Compugen Ltd Q3 FY2025 Earnings Call

Ladies and gentlemen, thank you for joining us today for the third quarter 2025 results conference call. At this time, all participants are in a listen-only mode. An audio webcast of this call is available in the Investors section of Compugen's website, www.cgen.com. As a reminder, today's call is being recorded. I would now like to introduce Yvonne Naughton, VP Head of Investor Relations and Corporate Communications. Yvonne, please go ahead.

Thank you, Operator, and thanks everyone for joining us today. Here with me from the Compugen team are Eran Ophir, new President and CEO, and David Silberman, our Chief Financial Officer.
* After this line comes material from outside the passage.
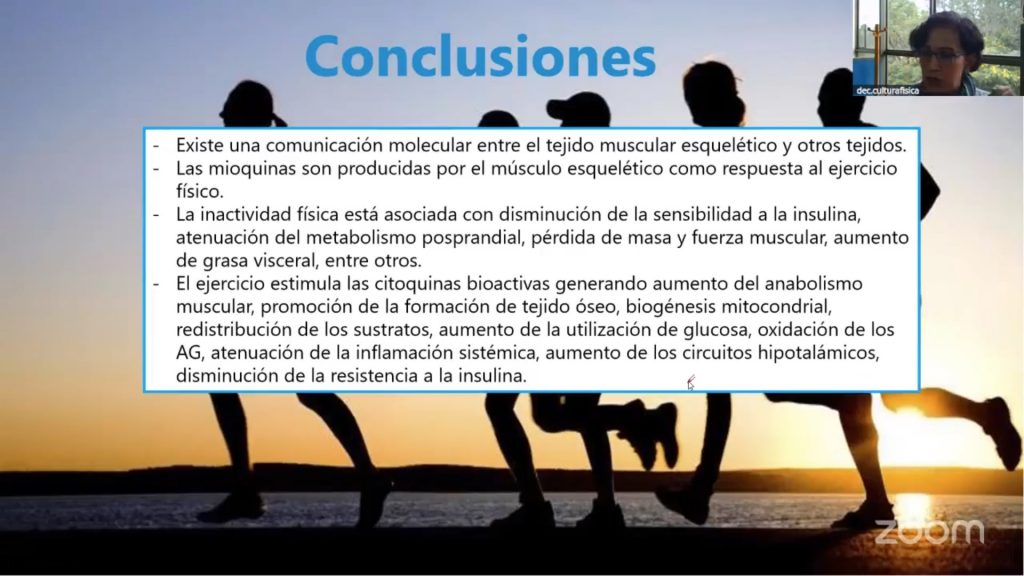 La mioquina, explicó, es una proteína que producen y liberan los músculos cuando se contraen, especialmente durante el ejercicio. Ayuda a controlar el metabolismo, contribuye al buen funcionamiento del sistema inmune, entre otros aspectos importantes para la salud de las personas, por lo que el músculo no sólo sirve para mover el cuerpo, sino que se descubrió que es un órgano endocrino, porque libera sustancias llamadas mioquinas, que se activan con ejercicios de fuerza y que influyen en el metabolismo de grasas y azúcares.

Michelle Mahler, our Chief Medical Officer, will join us for the Q&A. Before we begin, we would like to remind you that during this call, the company may make projections or forward-looking statements regarding future events, business outlook, development efforts and their potential outcome, the company's discovery platform, anticipated progress and plans, results and timelines for our programs including disclosures of clinical data, financial and accounting-related matters, as well as statements regarding our cash position and cash runway. We wish to caution you that such statements reflect only the company's current beliefs, expectations, and assumptions, but actual results, performance, or achievements of the company may differ materially. These statements are subject to known and unknown risks and uncertainties. And we refer you to our SEC filings for more details on these risks including the company's most recent annual report on Form 20-F. The company undertakes no obligation to update projections and forward-looking statements in the future. With that, I'll turn the call over to Eran. Thanks, Yvonne.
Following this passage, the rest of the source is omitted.